Thomas Jermyn, 2nd Baron Jermyn (10 November 1633 – 1 April 1703) was an English politician who sat in the House of Commons from 1679 until he inherited a peerage in 1684.

Biography
Jermyn was the son of Thomas Jermyn (d.1659) of Rushbrooke Hall in Suffolk, by his wife Rebecca Rodway, the heiress of William Rodway. He served as a captain of foot in Jersey from 1661 to 1679. From 1662 to 1679 he was Lieutenant Governor of Jersey. In 1673 Jermyn was elected as a Member of Parliament for Bury St Edmunds in Suffolk.
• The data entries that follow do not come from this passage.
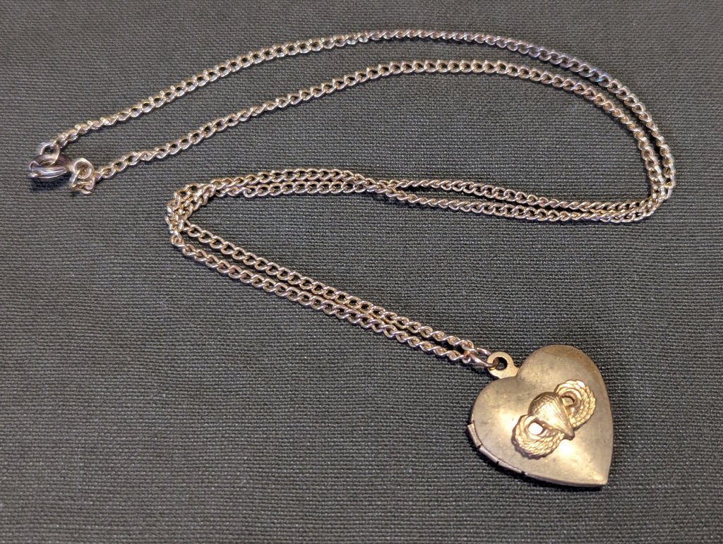 Vintage WWII sweetheart airborne paratrooper jump wings heart locket necklace. It is unmarked and in fairly good condition. There is some light discoloration.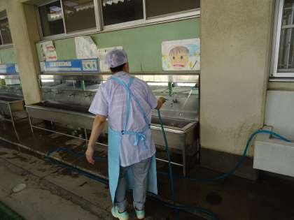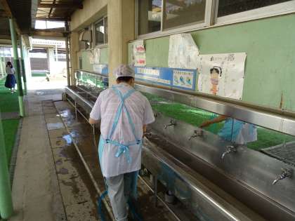 給食室前の手洗い場も砂まみれになっていました。再び清掃しました。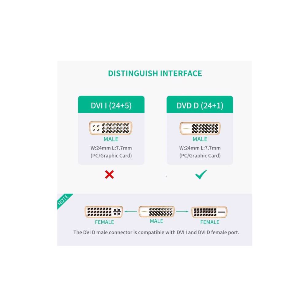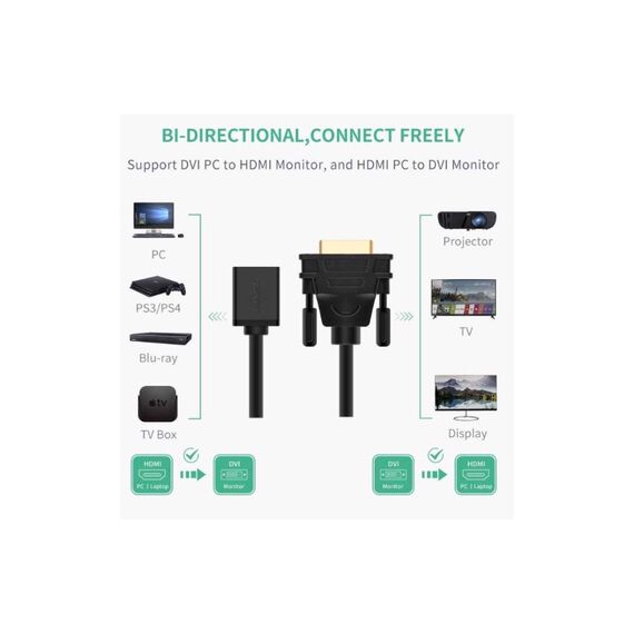 ადაპტერი UGREEN 20118 DVI Male to HDMI Female Adapter Cable, 22cm, Black

In 1674 he was appointed a justice of the peace for the county. In parliament, Jermyn voted against the first exclusion bill during the Exclusion Crisis. He continued to oppose exclusion in subsequent votes, but he made no recorded speeches and was not appointed to any committees. Jermyn held the seat until 1684, when, by special remainder, he became Baron Jermyn on the death of his uncle Henry Jermyn, 1st Earl of St Albans and was elevated to the House of Lords. In 1684, he also inherited the position of Governor of Jersey, holding the role until his death. Between 1685 and 1687 he was a captain of the 12th Regiment of Foot.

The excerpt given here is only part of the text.